§ Dataset extract:
————

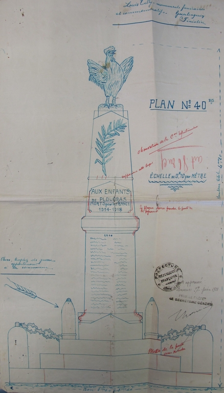 Elevation du monument aux morts de Plougras par Louis Tilly (monuments funéraires et commémoratifs à Guerlesquin), 1921Immatriculation
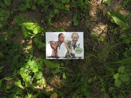 В оккупированном боевиками Первомайске Луганской области партизаны разбросали листовки, на которых изображен главарь ЛНР Игорь Плотницкий, целующий в зад президента России Владимира Путина.
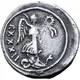 Reverse description Victory (Nike) standing to right on elephant head, holding wreath and palm; R XXXII behind.

————

§ What the exercise asks: Omit the images; transcribe the listing verbatim.

§ Exercise result:
 Elevation du monument aux morts de Plougras par Louis Tilly (monuments funéraires et commémoratifs à Guerlesquin), 1921Immatriculation
 В оккупированном боевиками Первомайске Луганской области партизаны разбросали листовки, на которых изображен главарь ЛНР Игорь Плотницкий, целующий в зад президента России Владимира Путина.
 Reverse description Victory (Nike) standing to right on elephant head, holding wreath and palm; R XXXII behind.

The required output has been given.